The full listing, word for word and free of images, is the expected result.
DATASET SECTION Block Start
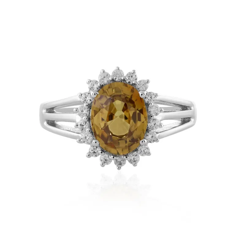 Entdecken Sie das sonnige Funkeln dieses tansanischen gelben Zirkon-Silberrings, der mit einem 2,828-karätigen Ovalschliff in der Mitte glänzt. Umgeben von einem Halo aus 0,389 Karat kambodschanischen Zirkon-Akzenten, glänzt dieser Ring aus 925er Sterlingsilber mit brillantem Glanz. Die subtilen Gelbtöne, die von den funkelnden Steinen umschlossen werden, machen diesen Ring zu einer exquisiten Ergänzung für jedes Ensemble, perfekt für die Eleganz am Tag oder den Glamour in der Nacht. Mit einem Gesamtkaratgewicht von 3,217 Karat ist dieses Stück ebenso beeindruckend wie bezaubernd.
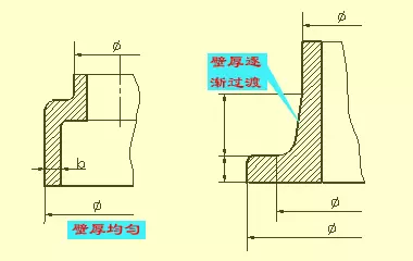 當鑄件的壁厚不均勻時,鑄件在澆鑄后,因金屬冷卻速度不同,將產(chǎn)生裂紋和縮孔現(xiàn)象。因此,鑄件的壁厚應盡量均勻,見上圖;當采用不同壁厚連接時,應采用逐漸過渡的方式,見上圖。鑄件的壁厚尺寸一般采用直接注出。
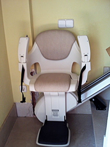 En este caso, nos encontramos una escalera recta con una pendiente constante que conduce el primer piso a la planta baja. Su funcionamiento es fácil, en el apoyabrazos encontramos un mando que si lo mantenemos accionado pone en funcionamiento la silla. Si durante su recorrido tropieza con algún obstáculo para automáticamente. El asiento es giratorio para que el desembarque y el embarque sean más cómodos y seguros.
DATASET SECTION Block End
FINISHED TASK
 Entdecken Sie das sonnige Funkeln dieses tansanischen gelben Zirkon-Silberrings, der mit einem 2,828-karätigen Ovalschliff in der Mitte glänzt. Umgeben von einem Halo aus 0,389 Karat kambodschanischen Zirkon-Akzenten, glänzt dieser Ring aus 925er Sterlingsilber mit brillantem Glanz. Die subtilen Gelbtöne, die von den funkelnden Steinen umschlossen werden, machen diesen Ring zu einer exquisiten Ergänzung für jedes Ensemble, perfekt für die Eleganz am Tag oder den Glamour in der Nacht. Mit einem Gesamtkaratgewicht von 3,217 Karat ist dieses Stück ebenso beeindruckend wie bezaubernd.
 當鑄件的壁厚不均勻時,鑄件在澆鑄后,因金屬冷卻速度不同,將產(chǎn)生裂紋和縮孔現(xiàn)象。因此,鑄件的壁厚應盡量均勻,見上圖;當采用不同壁厚連接時,應采用逐漸過渡的方式,見上圖。鑄件的壁厚尺寸一般采用直接注出。
 En este caso, nos encontramos una escalera recta con una pendiente constante que conduce el primer piso a la planta baja. Su funcionamiento es fácil, en el apoyabrazos encontramos un mando que si lo mantenemos accionado pone en funcionamiento la silla. Si durante su recorrido tropieza con algún obstáculo para automáticamente. El asiento es giratorio para que el desembarque y el embarque sean más cómodos y seguros.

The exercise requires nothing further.